### SOURCE MATERIAL

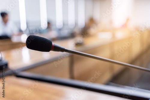 Microphone over the blurred business forum or Conference Training Learning Room Concept, Blurred background
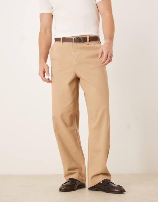 ASOS DESIGN - Beige og løstsiddende bukser med lige ben
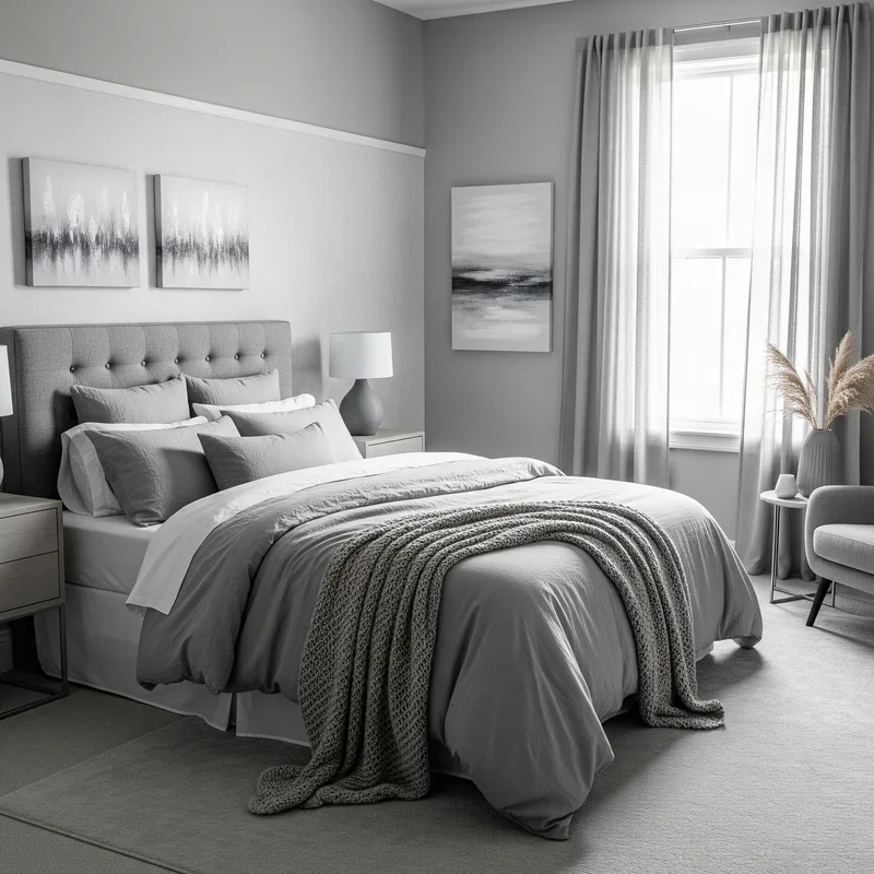 Create a sophisticated retreat using various shades of grey that prove this color is anything but dull. Fifty shades of chic! Layer greys from palest dove to deepest charcoal, creating a gradient that adds depth and interest. Choose bedding in medium grey with lighter and darker accent pillows. Paint walls in warm greige (grey-beige) to avoid coldness. The key is mixing warm and cool greys to create balance and prevent the space from feeling flat. Add different textures within the grey palette: smooth cotton, rough linen, and plush velvet. Include pattern through grey geometric prints or subtle stripes. Your grey sanctuary becomes a sophisticated space that feels both modern and timeless, proving grey is the ultimate neutral.

### WHAT THIS TASK INVOLVES
Exactly as given, transcribe every line of the data, but not its images.

### FINISHED TASK
 Microphone over the blurred business forum or Conference Training Learning Room Concept, Blurred background
 ASOS DESIGN - Beige og løstsiddende bukser med lige ben
 Create a sophisticated retreat using various shades of grey that prove this color is anything but dull. Fifty shades of chic! Layer greys from palest dove to deepest charcoal, creating a gradient that adds depth and interest. Choose bedding in medium grey with lighter and darker accent pillows. Paint walls in warm greige (grey-beige) to avoid coldness. The key is mixing warm and cool greys to create balance and prevent the space from feeling flat. Add different textures within the grey palette: smooth cotton, rough linen, and plush velvet. Include pattern through grey geometric prints or subtle stripes. Your grey sanctuary becomes a sophisticated space that feels both modern and timeless, proving grey is the ultimate neutral.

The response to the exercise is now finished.